== MATERIAL SHOWN ==
▬▬▬▬▬▬

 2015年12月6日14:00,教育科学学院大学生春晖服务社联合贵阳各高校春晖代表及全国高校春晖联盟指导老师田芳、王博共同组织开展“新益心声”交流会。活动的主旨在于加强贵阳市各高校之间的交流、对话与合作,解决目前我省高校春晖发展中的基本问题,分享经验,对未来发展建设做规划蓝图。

▬▬▬▬▬▬

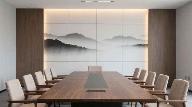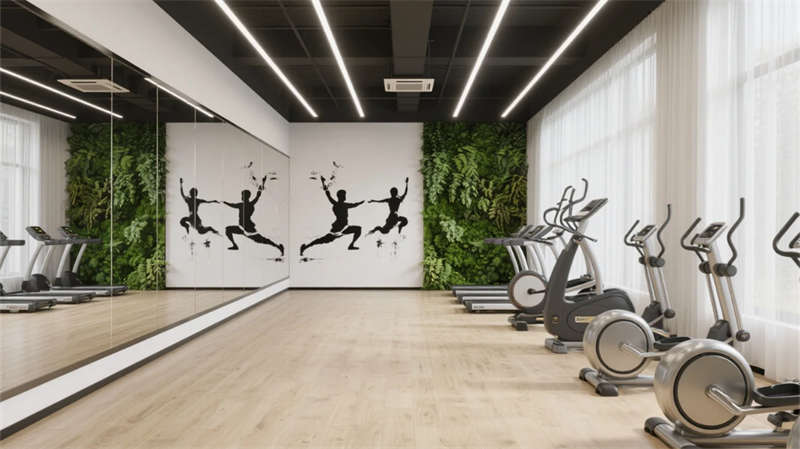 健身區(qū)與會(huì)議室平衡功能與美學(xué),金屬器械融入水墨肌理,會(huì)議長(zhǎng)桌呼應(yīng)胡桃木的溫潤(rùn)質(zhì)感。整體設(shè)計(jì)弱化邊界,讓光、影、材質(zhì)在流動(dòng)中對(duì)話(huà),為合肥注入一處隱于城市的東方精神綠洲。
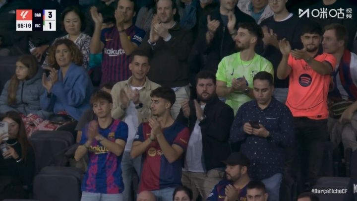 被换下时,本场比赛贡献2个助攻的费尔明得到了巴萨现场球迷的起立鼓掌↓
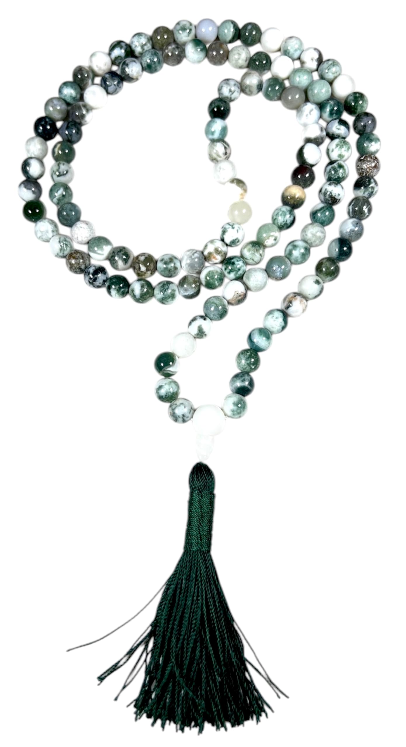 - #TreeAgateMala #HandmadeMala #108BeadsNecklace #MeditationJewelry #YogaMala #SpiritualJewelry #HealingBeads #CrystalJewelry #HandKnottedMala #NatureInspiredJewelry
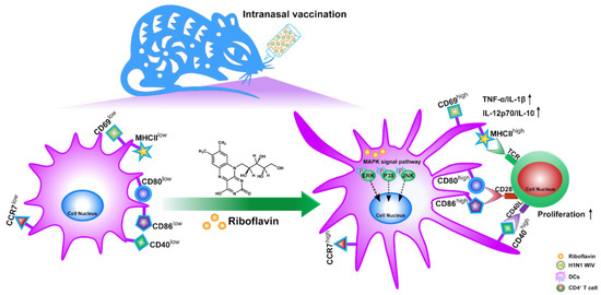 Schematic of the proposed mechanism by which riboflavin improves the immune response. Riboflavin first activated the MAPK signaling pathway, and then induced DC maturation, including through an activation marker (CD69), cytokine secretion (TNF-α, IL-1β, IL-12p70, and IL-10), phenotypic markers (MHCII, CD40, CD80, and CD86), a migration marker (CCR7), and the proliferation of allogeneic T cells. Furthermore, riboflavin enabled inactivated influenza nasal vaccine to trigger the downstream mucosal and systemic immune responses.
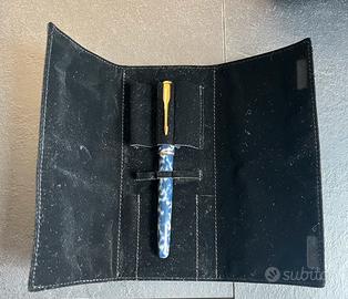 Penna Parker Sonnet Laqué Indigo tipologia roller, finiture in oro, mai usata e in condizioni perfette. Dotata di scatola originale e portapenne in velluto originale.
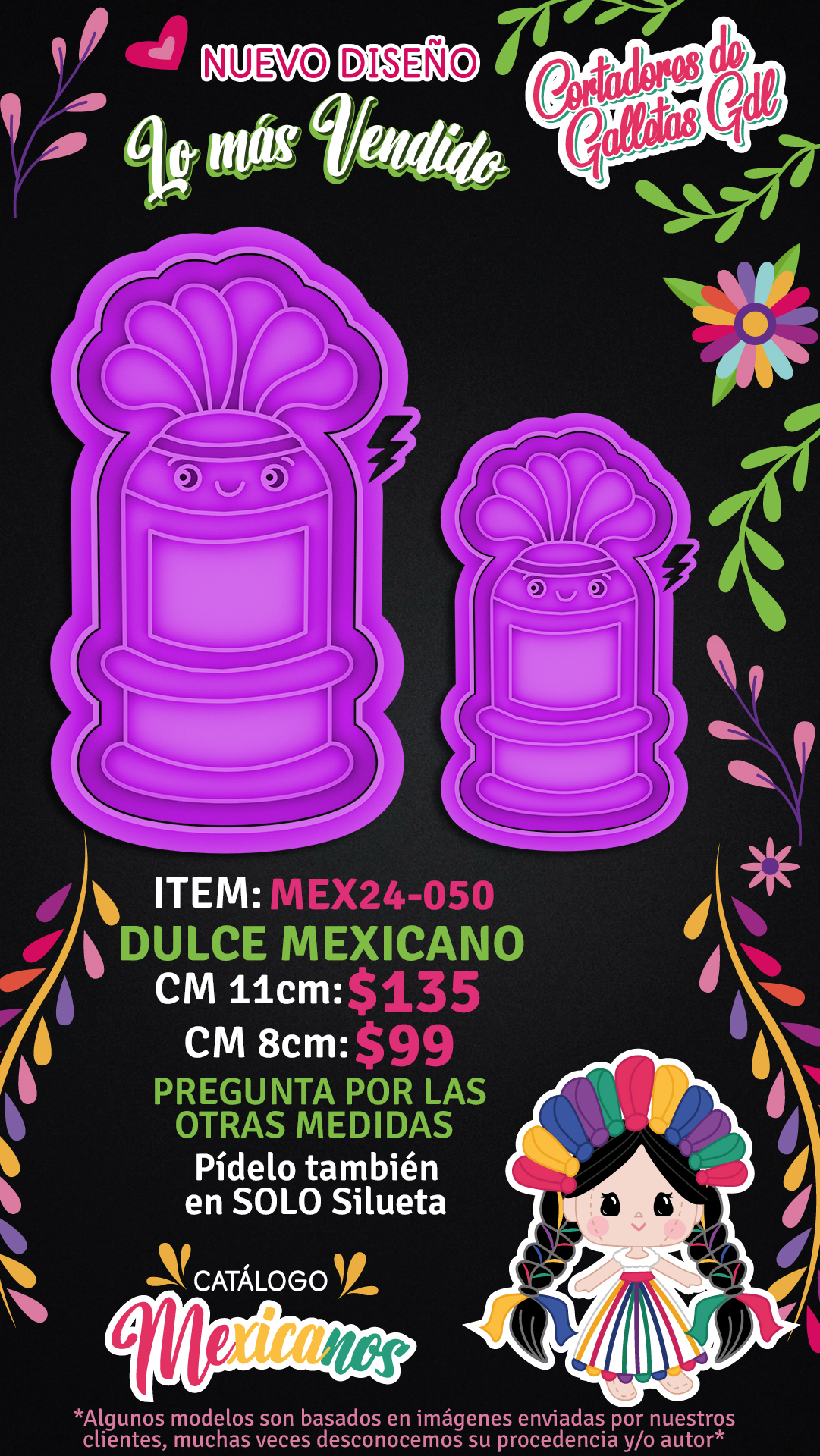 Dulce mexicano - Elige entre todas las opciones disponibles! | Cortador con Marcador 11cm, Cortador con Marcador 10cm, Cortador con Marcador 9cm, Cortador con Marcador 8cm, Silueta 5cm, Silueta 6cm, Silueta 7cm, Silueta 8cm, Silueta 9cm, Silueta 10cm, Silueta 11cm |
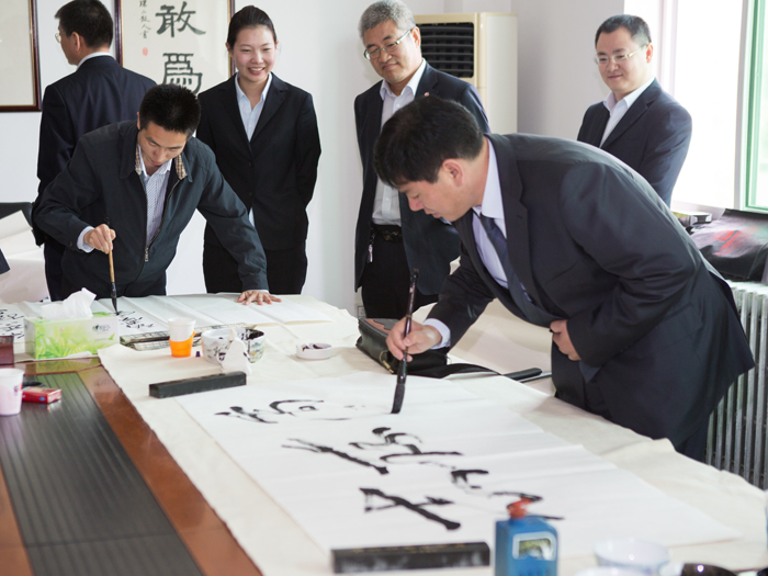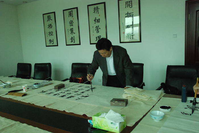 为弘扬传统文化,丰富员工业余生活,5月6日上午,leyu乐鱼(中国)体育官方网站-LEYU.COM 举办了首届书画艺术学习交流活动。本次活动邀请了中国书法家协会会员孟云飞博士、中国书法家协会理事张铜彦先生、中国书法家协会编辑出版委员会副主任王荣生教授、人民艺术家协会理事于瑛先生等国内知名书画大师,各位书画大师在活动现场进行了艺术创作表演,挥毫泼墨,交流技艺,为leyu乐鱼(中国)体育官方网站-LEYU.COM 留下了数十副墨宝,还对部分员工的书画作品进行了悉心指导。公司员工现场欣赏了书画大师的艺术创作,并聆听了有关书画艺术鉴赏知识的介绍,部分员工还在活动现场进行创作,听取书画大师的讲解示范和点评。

▬▬▬▬▬▬

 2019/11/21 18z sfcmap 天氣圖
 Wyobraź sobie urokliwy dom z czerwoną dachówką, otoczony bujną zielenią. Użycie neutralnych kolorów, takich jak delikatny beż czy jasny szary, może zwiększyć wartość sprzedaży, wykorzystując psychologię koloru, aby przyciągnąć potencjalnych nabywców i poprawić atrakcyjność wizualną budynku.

▬▬▬▬▬▬

== REQUIREMENT ==
With the pictures omitted, copy exactly the lines of the listing above starting at the line containing "Penna Parker Sonnet" and ending at the line containing "Dulce mexicano - Elige", both included.

== REPLY ==
 Penna Parker Sonnet Laqué Indigo tipologia roller, finiture in oro, mai usata e in condizioni perfette. Dotata di scatola originale e portapenne in velluto originale.
 Dulce mexicano - Elige entre todas las opciones disponibles! | Cortador con Marcador 11cm, Cortador con Marcador 10cm, Cortador con Marcador 9cm, Cortador con Marcador 8cm, Silueta 5cm, Silueta 6cm, Silueta 7cm, Silueta 8cm, Silueta 9cm, Silueta 10cm, Silueta 11cm |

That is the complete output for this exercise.